As far as his drinking............he is the only one to say if he is an alcoholic or not. He is a wonderful, caring person and is good to his girls, and H's ex wife says she would not let them be in a vehicle with H if he is drinking. Maybe he has decided to watch out since so much Gossip has gone on in the valley. I'm sending you a book and I wrote in it to you. I want to hear how you are feeling and how the baby is but not gossip about H. He is my son and I will always love him and stand behind him especially if he is not drinking. If you want to have any kind of a relationship with the father of your baby you need to stop being jealous (its a sin) and Gossiping about everything you can find out. Gossip is agaist the 4th and 5th commandment. Also men and women see things totally different anyway and you can relax and invite H (after praying) to appointments and different occasions where the baby is concerned. And the next time you see Fr. priest try to tell him how your feeling (jealousy, gossiping, etc etc) not what H is doing or not doing. You will never win him to your way of thinking unless it is God centered. Only tell one person (your sponsor or a priest how everything makes you feel) and try not to blow everything out of porportion. I have listened to you lots of times now and feel you have a full time job practicing patience, managing your anger, and if he does get drunk or drink it is non of our business. So when you do invite him over to share baby with you, you can be free of any of the above. When I say you have blown everything out of porportion I'm going by what his siblings have said also. H know we will not be on his side if he is drinking and using anything. So far his boss says he is responsible and does his job. I do not believe he is happy living alone but its far better to live alone than to 'live in a house with a nagging wife'. It says in scripture 'its better to live on the corner of a roof ' than to live in a house with a nagging woman an no laughter................ In alanon I learned to fake it till I make it. Ask the girls what their experience is in Alanon about that saying.
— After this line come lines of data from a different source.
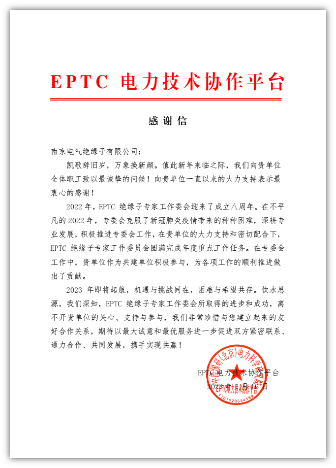 1月16日,EPTC电力技术协作平台向南京电气绝缘子有限公司发来感谢信,对南京电气在过去的一年中对EPTC绝缘子专家工作委会工作的支持表示感谢。
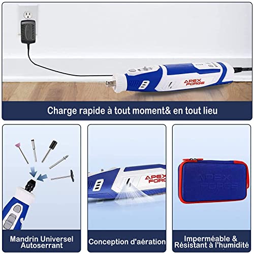 APEXFORGE 8V Batteria per Utensili Rotanti, Batteria agli Ioni di Litio da 2,0 Ah, 101 Accessori e Mandrino Autoserrante, Levigatura a Lunga Durata, Taglio Abrasivo e Incisione - M8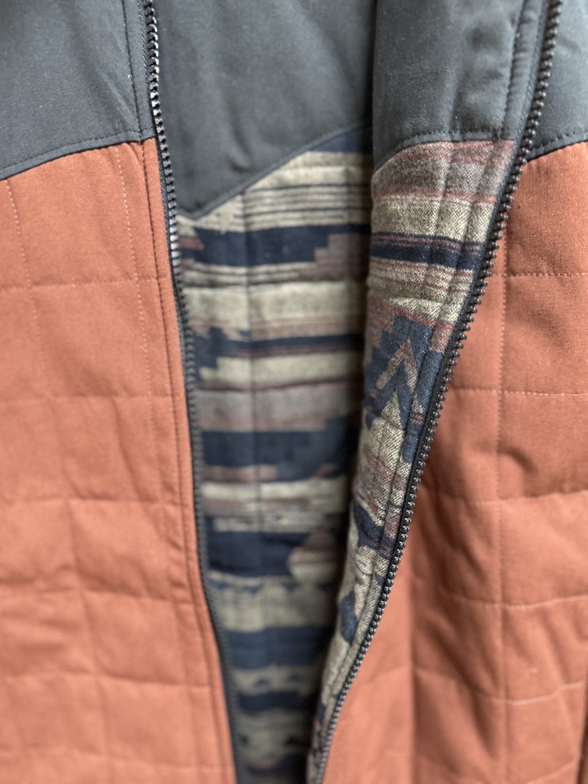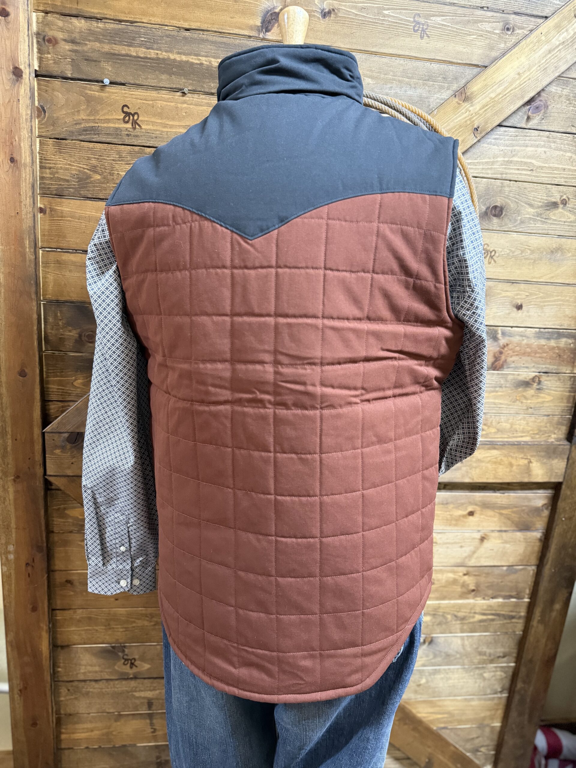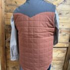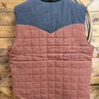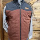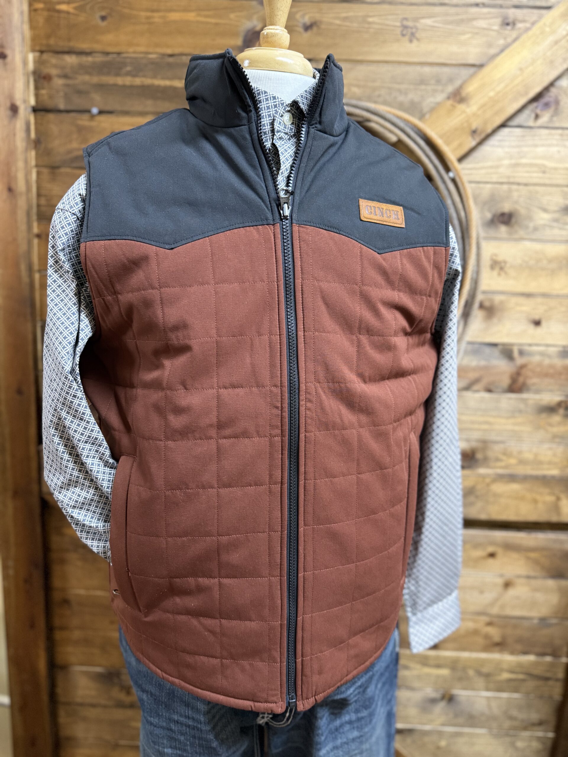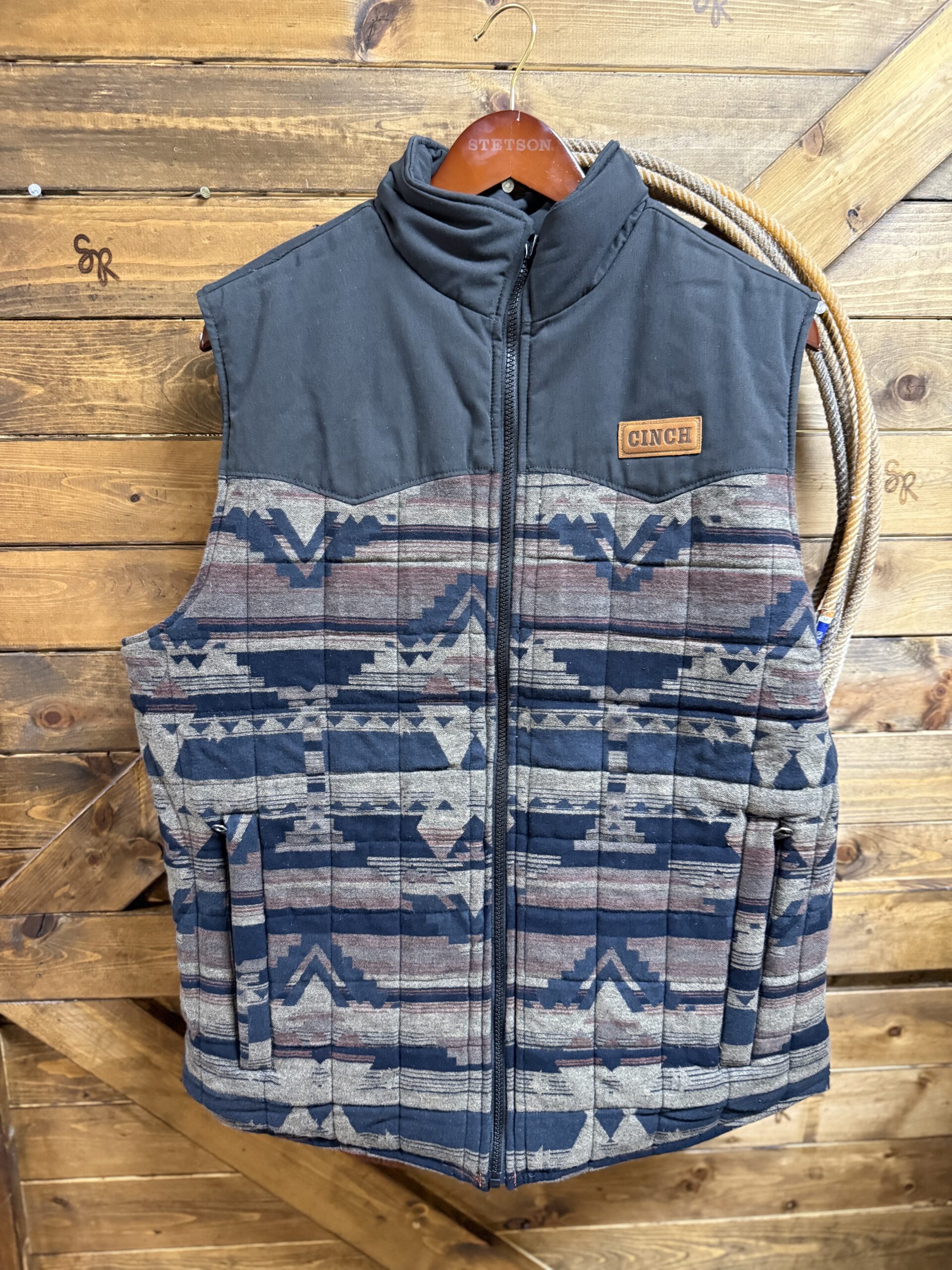 A reversible quilted vest that sports great look regardless of which side you choose to wear outside. The front of both sides features a full length navy zipper, individual hand pockets that close on a zipper and the Cinch logo patch on the left side of the chest. One side is a quilted design  of brick red and a navy upper across the shoulders and up the collar. The opposite side is a pretty quilted navy aztec pattern with a navy upper across the shoulders and up the collar. Designed with heavier made material to withstand the coldest of cold temperatures here in the south. Made with a durable water resistant fabric to shed moisture. A look that presents itself either way and for a variety of occasions. Wear it comfortably regardless of the event!

I love you as my daughter-in-law but I love my son also and will stand behind him if he does the right thing. Everything cannot be always our way and if you step back and look you will eventually see you will possibly never have a husband if you are not willing to continue to change yourself and that means not talking about anybody to anybody else. In Alanon it says to never repeat anything said there and it is the same in a household or in a town. Even if someone is drunk it is not to be repeated so as to defame his character. Remember God loves us all as we are even if we need to change.
Our Mother, Mary always contemplated everything the Lord and family said in her heart. She is our model and yes it is hard to follow but we are here to improve our tempermants and learn how to live peacefully in our homes and society.
Me: 46 FWS: 36 Married and Divorced 4/07, Pregnant 7/07,False R 7/07 Baby Girl born 3/08 Kicked him out because OW: 7/08 5/10 He realized what he had and lost. Moved home! REMARRIED 3/14/11!!